The reserved space at the end of each page is used by extensions to store information about the page. The size of the reserved area is defined in the database header (default is zero).
Representation
This section describes the structure of data storage in the database. The data on the leaf pages of the table b - tree and the keys index b - tree are stored as an arbitrary sequence of bytes called
record format (read more
habrahabr.ru/post/223451 ).
TABLE
Each table (with ROWID) is represented in the database as
table b - tree . Each entry in the tree corresponds to a SQL table row. A single SQL row of a table is represented as a sequence (the same as specified when creating it) of table columns in record format. If the table has an INTEGER PRIMARY KEY that is a ROWID alias, then NULL will be written instead of its value. SQLite will always use the key
table b - tree instead of NULL when accessing INTEGER PRIMARY KEY. If the Affinity column (type conversion recommendation, read more
habrahabr.ru/post/149635 in the section “Data Types and Comparison of Values”) is REAL and the value can be converted to INTEGER without data loss, then the value will be stored as an integer.
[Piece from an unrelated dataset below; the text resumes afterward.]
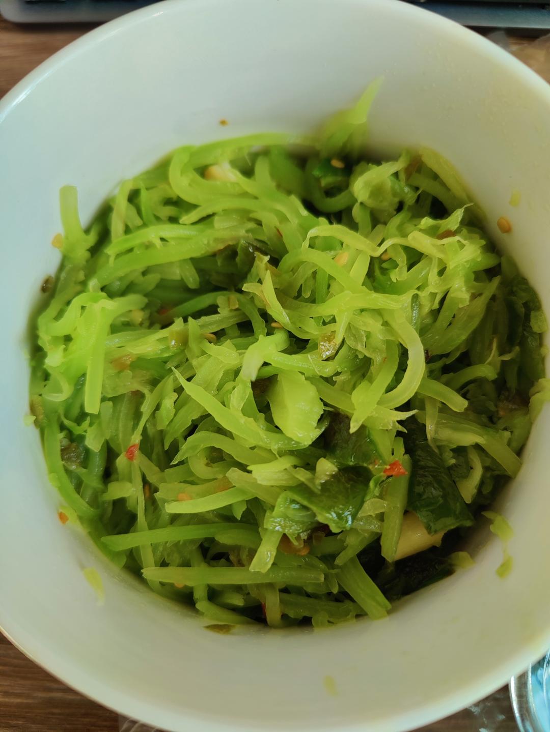 清炒莴笋丝,偷懒用了擦丝器,但是擦出来的丝丝儿大小十分不均匀,而且可能由于部分丝丝儿太小,加上炒的时间稍微长了点,导致出...

When extracting data from a database, SQLite converts an integer to REAL.
TABLEWITHOUT ROWID
Each table (without ROWID) is represented in the database as an
index b - tree . The difference from tables with rowid is that the key of each SQL record of the table is stored in the record format, the key columns being stored as specified in the PRIMARY KEY, and the rest in the order specified in the table declaration.
Thus, the entries in
index b - tree are represented just like in
table b - tree , except for the order of the columns and the fact that the content of the row is stored in the key of the tree, and not as data on the leaves as in
table b - tree .
INDEX
Each index (declared CREATE INDEX, PRIMARY KEY or UNIQUE) is represented in the database by the mean
index b - tree . Each entry in this tree corresponds to a row in the SQL table. The index tree key is a sequence of column values ​​specified in the index and is completed with the row key value (rowid or primary key) in record format.
UPD 13:44 :
Representation section reworked, thanks for the criticism of
mayorovp (you could of course move, but oh well).